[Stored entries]
=-=-=

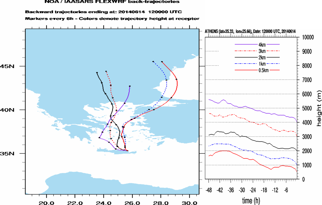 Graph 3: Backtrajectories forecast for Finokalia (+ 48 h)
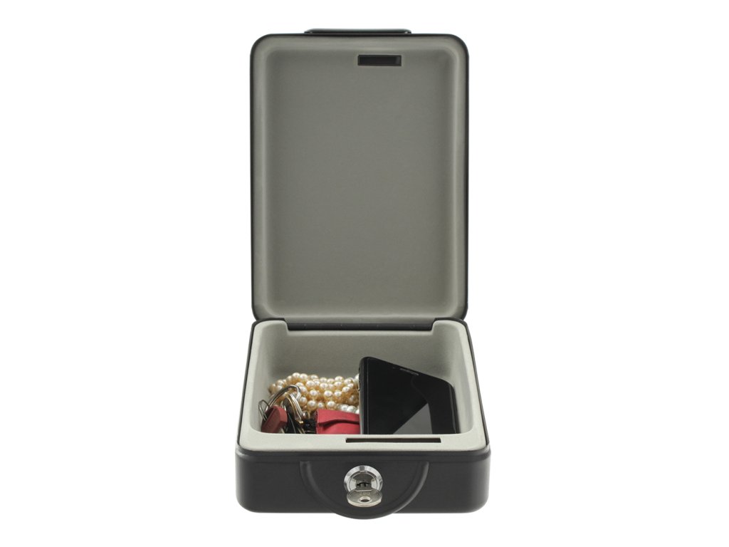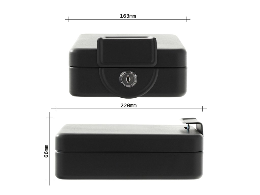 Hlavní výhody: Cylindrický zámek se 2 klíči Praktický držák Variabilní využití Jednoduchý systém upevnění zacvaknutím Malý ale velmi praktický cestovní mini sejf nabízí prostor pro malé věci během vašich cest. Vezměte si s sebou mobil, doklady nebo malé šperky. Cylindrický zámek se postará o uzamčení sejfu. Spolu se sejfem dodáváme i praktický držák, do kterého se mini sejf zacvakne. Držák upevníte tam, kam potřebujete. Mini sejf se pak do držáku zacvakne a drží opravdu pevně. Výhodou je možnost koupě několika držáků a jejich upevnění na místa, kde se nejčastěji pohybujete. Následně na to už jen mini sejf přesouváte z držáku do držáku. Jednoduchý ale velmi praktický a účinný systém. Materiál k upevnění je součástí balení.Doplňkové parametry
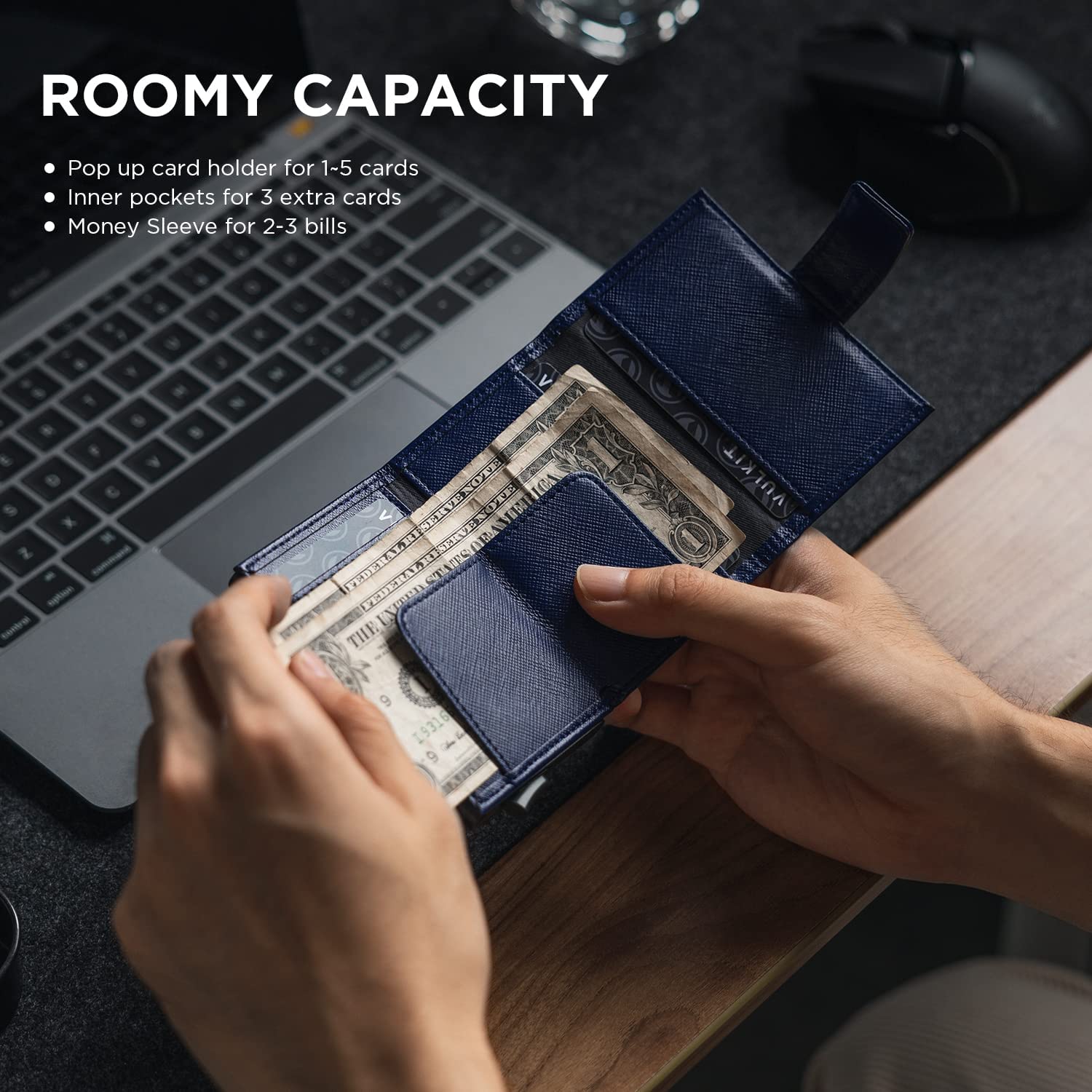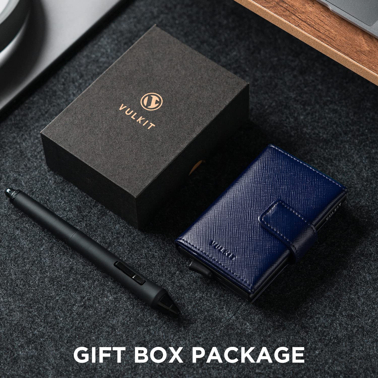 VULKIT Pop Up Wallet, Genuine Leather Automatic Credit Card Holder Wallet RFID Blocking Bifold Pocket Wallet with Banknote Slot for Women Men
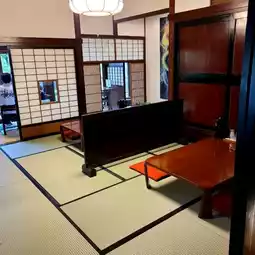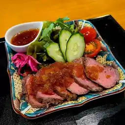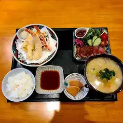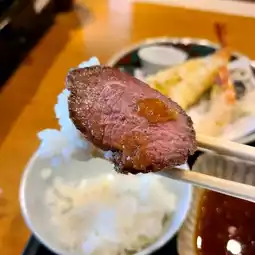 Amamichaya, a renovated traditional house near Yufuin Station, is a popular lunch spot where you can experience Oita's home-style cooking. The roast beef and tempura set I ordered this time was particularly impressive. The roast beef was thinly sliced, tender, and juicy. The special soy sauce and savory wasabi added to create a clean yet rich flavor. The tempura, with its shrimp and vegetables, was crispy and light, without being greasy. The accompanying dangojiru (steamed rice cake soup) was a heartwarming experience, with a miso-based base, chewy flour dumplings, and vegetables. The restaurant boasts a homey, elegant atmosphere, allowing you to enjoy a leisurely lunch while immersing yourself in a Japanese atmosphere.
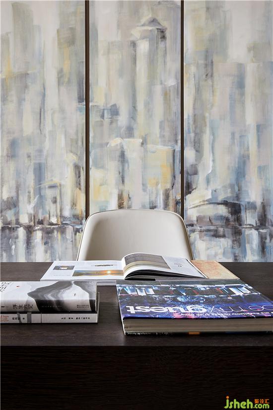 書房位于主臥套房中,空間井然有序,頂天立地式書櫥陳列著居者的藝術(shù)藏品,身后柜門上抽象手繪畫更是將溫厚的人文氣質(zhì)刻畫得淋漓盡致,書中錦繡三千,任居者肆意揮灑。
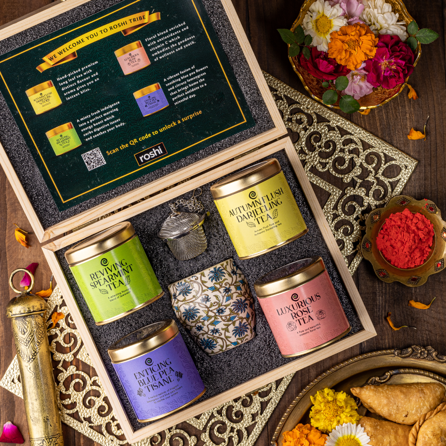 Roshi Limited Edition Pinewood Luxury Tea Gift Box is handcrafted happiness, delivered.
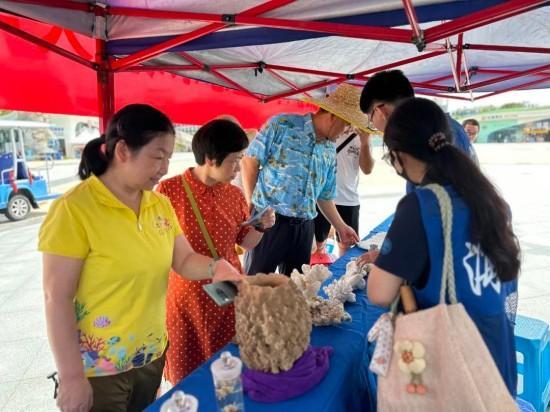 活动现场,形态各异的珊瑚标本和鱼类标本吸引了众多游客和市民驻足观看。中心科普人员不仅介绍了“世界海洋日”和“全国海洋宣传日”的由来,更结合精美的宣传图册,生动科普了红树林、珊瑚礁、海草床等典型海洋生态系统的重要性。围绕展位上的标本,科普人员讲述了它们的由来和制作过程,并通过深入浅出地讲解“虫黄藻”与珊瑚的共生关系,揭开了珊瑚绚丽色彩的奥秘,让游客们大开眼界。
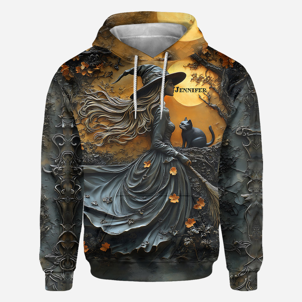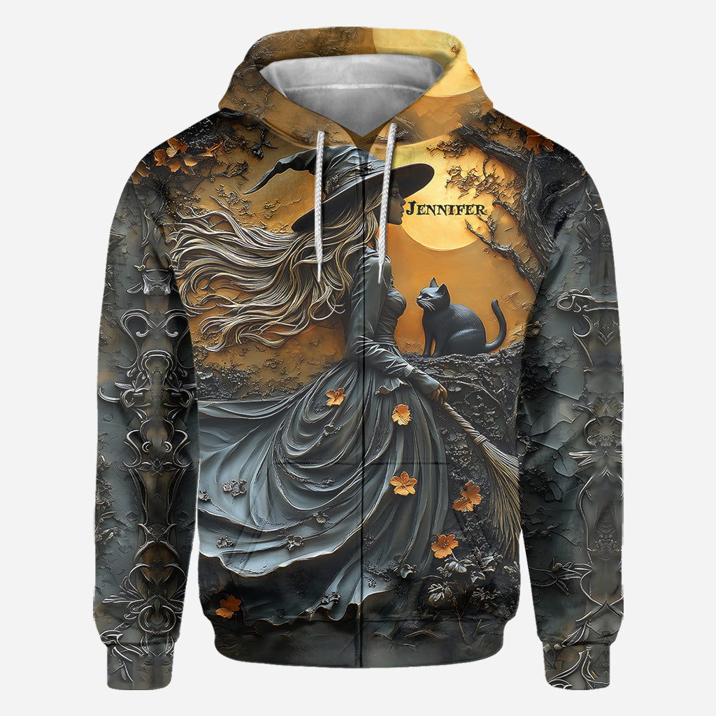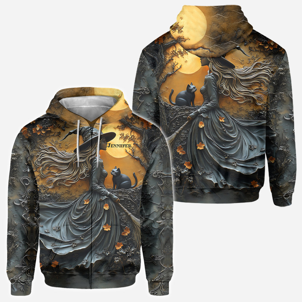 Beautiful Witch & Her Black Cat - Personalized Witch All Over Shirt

=-=-=

**YOUR TASK:** Copy back exactly the lines above from the one containing "書房位于主臥套房中,空間井然" through the one containing "Roshi Limited Edition", and leave every picture behind.

**ANSWER SPACE:**
 書房位于主臥套房中,空間井然有序,頂天立地式書櫥陳列著居者的藝術(shù)藏品,身后柜門上抽象手繪畫更是將溫厚的人文氣質(zhì)刻畫得淋漓盡致,書中錦繡三千,任居者肆意揮灑。
 Roshi Limited Edition Pinewood Luxury Tea Gift Box is handcrafted happiness, delivered.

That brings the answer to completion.